Disputa pelo Senado em 2006

Já em 2006, a disputa pela vaga cearense no Senado Federal reeditou o pleito de 2004 para a Prefeitura de Fortaleza. Dois políticos experientes, derrotados na disputa municipal para Luizianne Lins (PT), travaram uma corrida rumo ao Congresso. Inácio Arruda (PCdoB) contou com apoio de nomes de peso nacionalmente, entre eles o presidente Lula. O então candidato a governador Cid Gomes também fazia uma campanha casada com a de Inácio Arruda.

Já o adversário mais competitivo do comunista era Moroni Torgan (à época, PFL). Aproveitando a popularidade de disputar o segundo turno em Fortaleza dois anos antes, o político também contou com apoio do então governador, Lúcio Alcântara, e do então candidato a presidente Geraldo Alckmin. Contudo, Inácio se saiu melhor e foi eleito com 52,25% de apoio do eleitorado.

Primeiro mandato de Tasso e a primeira mulher senadora

Quatro anos antes, em 2002, a disputa pelas duas vagas terminou com a eleição de Tasso Jereissati e Patrícia Saboya. O tucano encerrava o mandato como governador e seguiu direto para a cadeira no Congresso Nacional. À época, o cearense chegou a ser pré-candidato à Presidência da República e detinha grande influência nacionalmente. 

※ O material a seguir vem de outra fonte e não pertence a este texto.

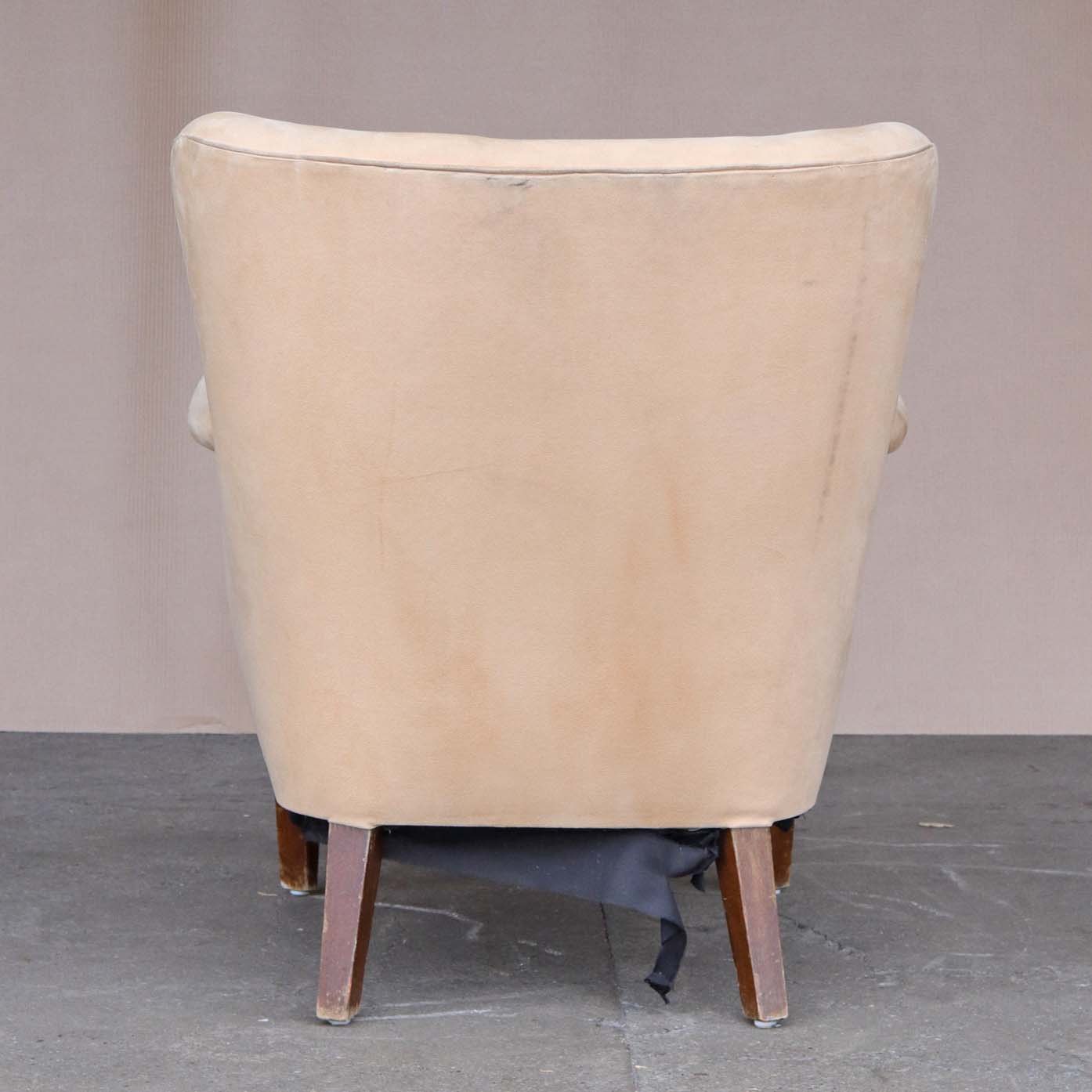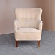 Lænestol med springfjeder sæde og stel i mørk lakeret træ. Stolen betrukket med lys beige smudsafvisende stof
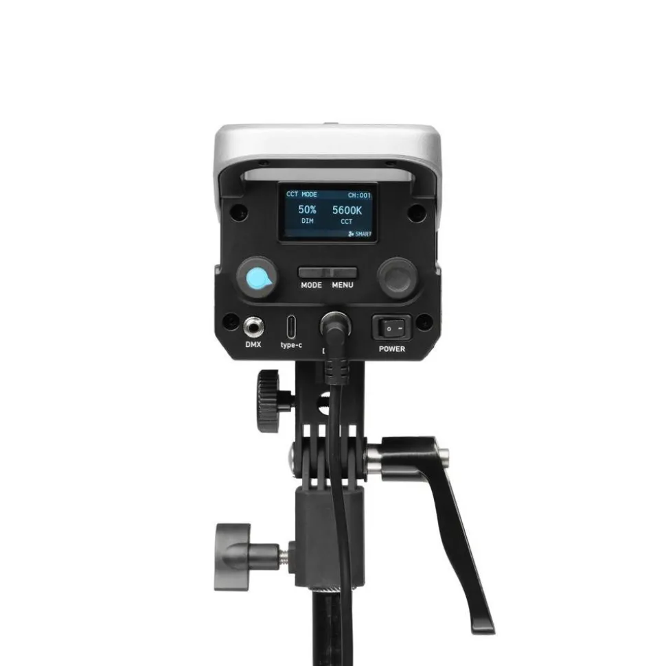 Control dimming, CCT, effects and more with two easy-to-use knobs, buttons, and a rear-facing screen. Control with your phone or tablet through Bluetooth and the free NANLINK app. Want to use your mobile devices for something else? No problem, control with the WS-RC-C2 Handheld Remote (sold separately) through built-in 2.4G. A locking metal DMX/RDM port is provided for advanced control, and the USB-C port can power DMX receivers (sold separately).
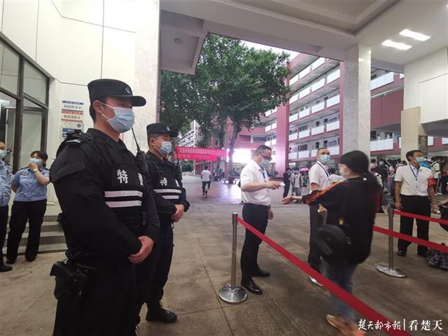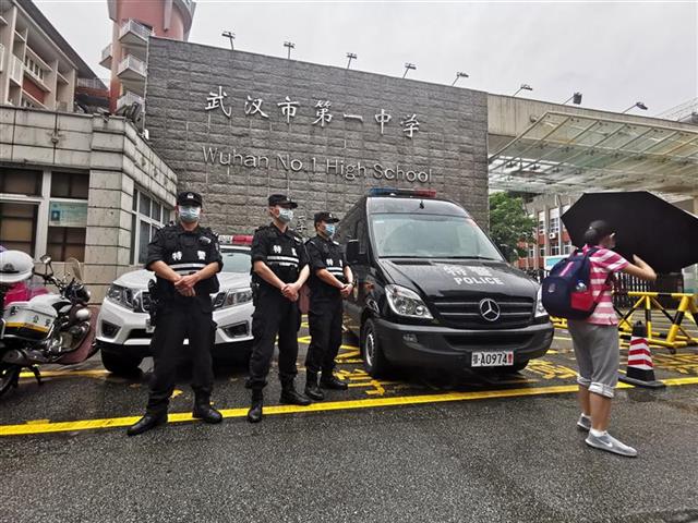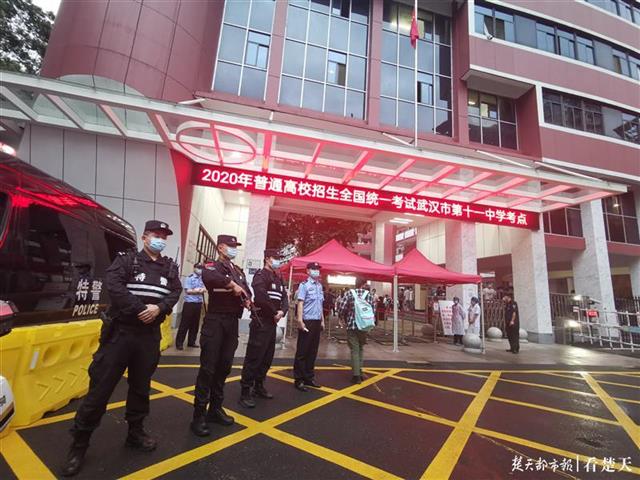 武汉特警介绍,今晨,驻各区大队特警重点支援中心城区35个考点,加强治安巡逻,接受考生及家长求助,随时应对突发事件,确保“万无一失”。
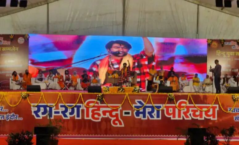 इन्दौर. स्थानीय लालबाग परिसर में आयोजित हिंदू युवा सम्मेलन में बागेश्वर धाम के पीठाधीश्वर युवा संत धीरेंद्र शास्त्री ने युवाओं को संबोधित करते हुए हुंकार भरी कि जिसे भारत से प्यार नहीं उसे इस देश में रहने का अधिकार नहीं। उन्होंने उपस्थित जन समूह का आव्हान करते हुए चेतावनी देते कहा कि अकेले रहोगे तो कश्मीरी हिंदुओं की तरह भागना पड़ेगा। एक रहोगे तो धर्म विरोधियों को देश छोड़कर भागना पड़ेगा। पंडित धीरेंद्र शास्त्री ने हिंदू युवा सम्मेलन में रग-रग हिंदू मेरा परिचय विषय पर लोगों को संबोधित करते कहा कि हम मुसलमानों के खिलाफ नहीं है। हम केवल हिंदू- हिंदू करते हैं। हम केवल हिंदुओं के पक्ष में हैं।
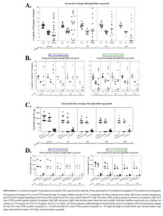 Results: Preoperative panel reactive antibody positivity was assessed in 3 groups. The HLA class I-positive group (mean fluorescence intensity range, 179-1770) showed decreased medication use and stability in serum calcium levels. The HLA class II-positive (mean fluorescence intensity range, 85-3959) showed decreased medication use by 25% to 50% and returned to their former prescription doses after 12 months. An opposite pattern was observed in 2 patients with panel reactive antibody positivity for both HLA classes (mean fluorescence intensity range, 462-2289), with 1 patient requiring medication for continuing symptoms and the other patient occasionally taking additional magnesium supplementation, despite decreased medication doses after 12 months. Serum calcium levels remained normal, and parathormone and phosphorus levels were elevated.

Patrícia Saboya foi a primeira mulher eleita senadora pelo Ceará
Legenda: Patrícia Saboya foi a primeira mulher eleita senadora pelo Ceará
Foto: José Cruz/Senado Federal

O tucano foi eleito para o Senado com 31,52% dos votos. Patrícia Saboya travou uma disputa acirrada pelo primeiro lugar no pleito, chegando a 30,67% de apoio do eleitorado. Ela acumulava experiência como vereadora de Fortaleza e deputada estadual no Ceará. Ela também havia sido primeira-dama do Estado e da Capital durante as gestões do seu então marido, Ciro Gomes. Em 2002, Patrícia fez uma campanha alinhada ao político, que disputou a Presidência da República. Diferentemente de Ciro, Patrícia foi eleita, tornando-se a primeira mulher senadora do Estado.